直哉烦躁地啧了一声,但还是乖乖地在软布上坐下,任由阿绫用蘸了药酒的棉布擦拭他脸上的淤血。药酒刺激到伤口,疼得他龇牙咧嘴。
“轻点!你想疼死我啊笨丫头!”直哉习惯性地吼了一句。
阿绫没躲,只是立刻放缓了力道,用掌心轻轻帮他揉开淤血:“奴婢知错。直哉少爷忍一忍,这药酒揉开了,明天骨头才不会痛。”
经过这两年的**,阿绫已经完全摸清了直哉的脾气。顺着毛捋,只要不触碰底线,这个暴躁的小少爷其实比谁都好糊弄。
直悠靠在木桩上,看着阿绫熟练地安抚直哉,随后又拿着另一罐伤药走到自己面前。
“直悠少爷,您的手……”阿绫看着直悠微微红肿的小臂,声音里带着明显的抑制不住的心疼。

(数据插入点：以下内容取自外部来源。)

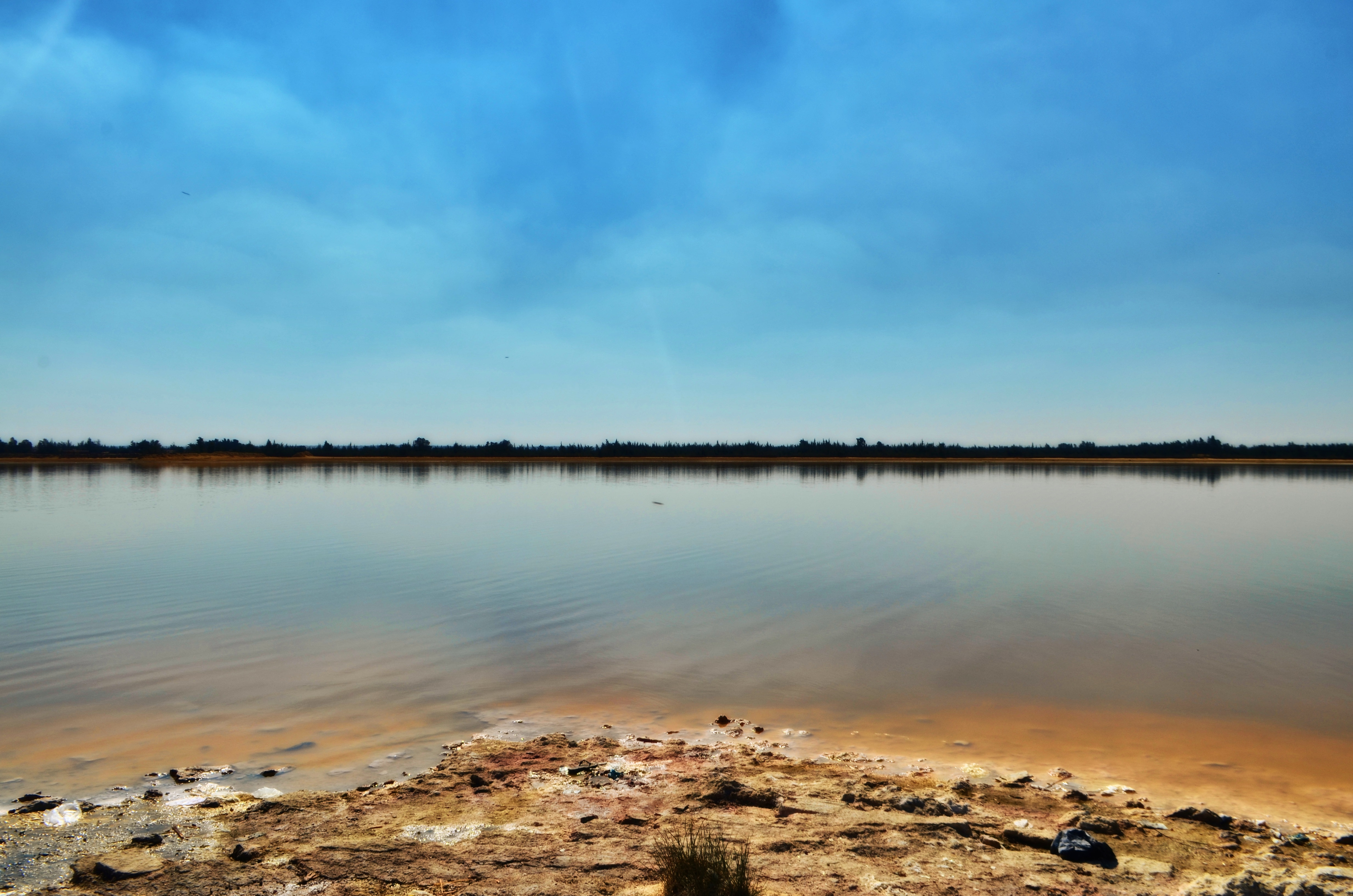 Naba' El-Hamra Lake, Wadi El Natroun, Egypt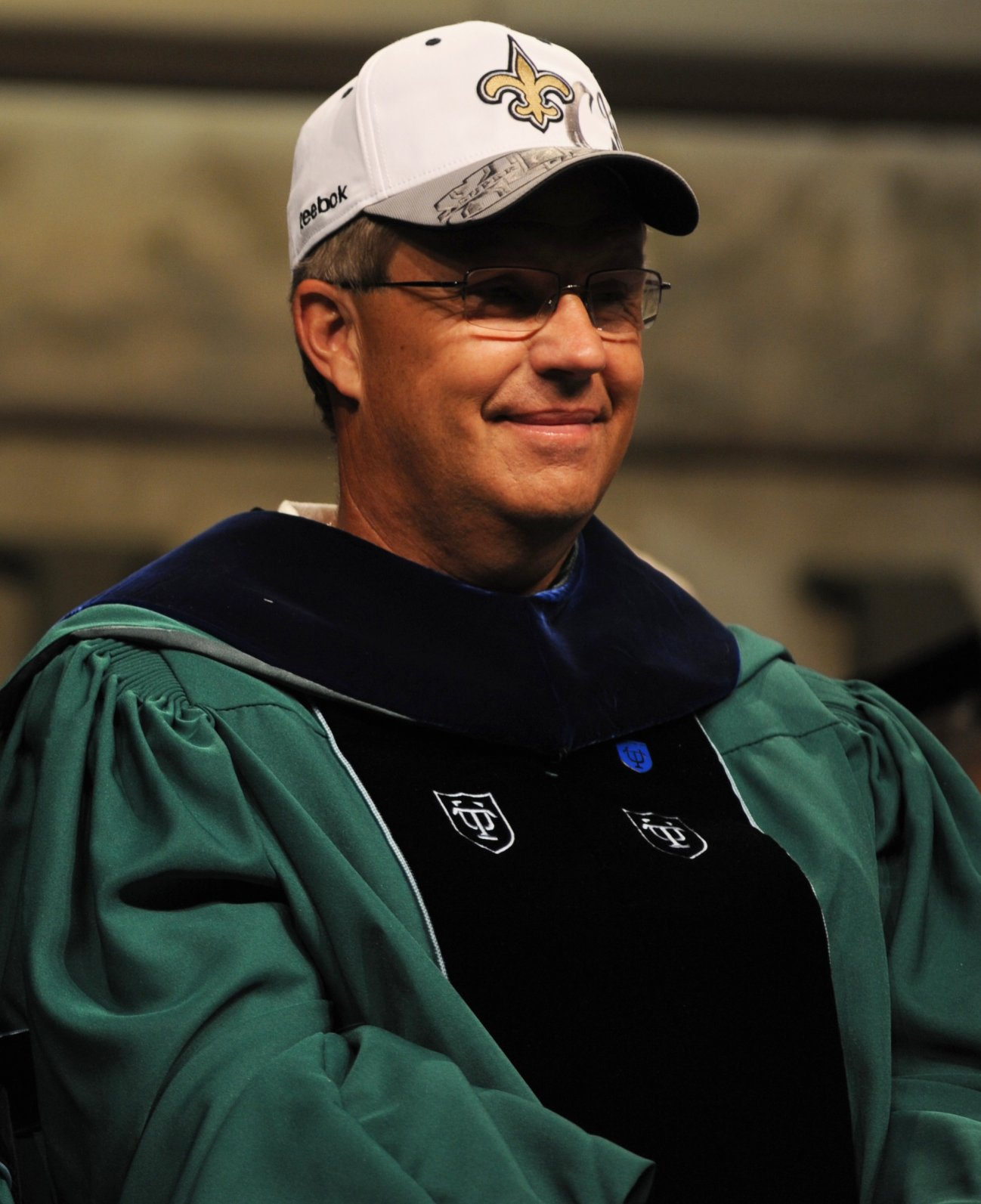 Gregg Williams at the 2010 commencement ceremony at Tulane University.

“皮外伤。”直悠主动伸出手臂,“涂药吧。涂完推我去洗个澡。”
阿绫点点头,小心翼翼地把清凉的药膏抹在直悠的手臂上。
“下午去一趟外院兵器库。”直悠靠着木桩,视线投向头顶那盏昏黄的白炽灯,“我要找一些高密度的滚珠。既然老爹嫌石头太轻……”
他的嘴角勾起一个极浅的弧度。
“那就让他尝尝,穿甲弹是什么滋味。”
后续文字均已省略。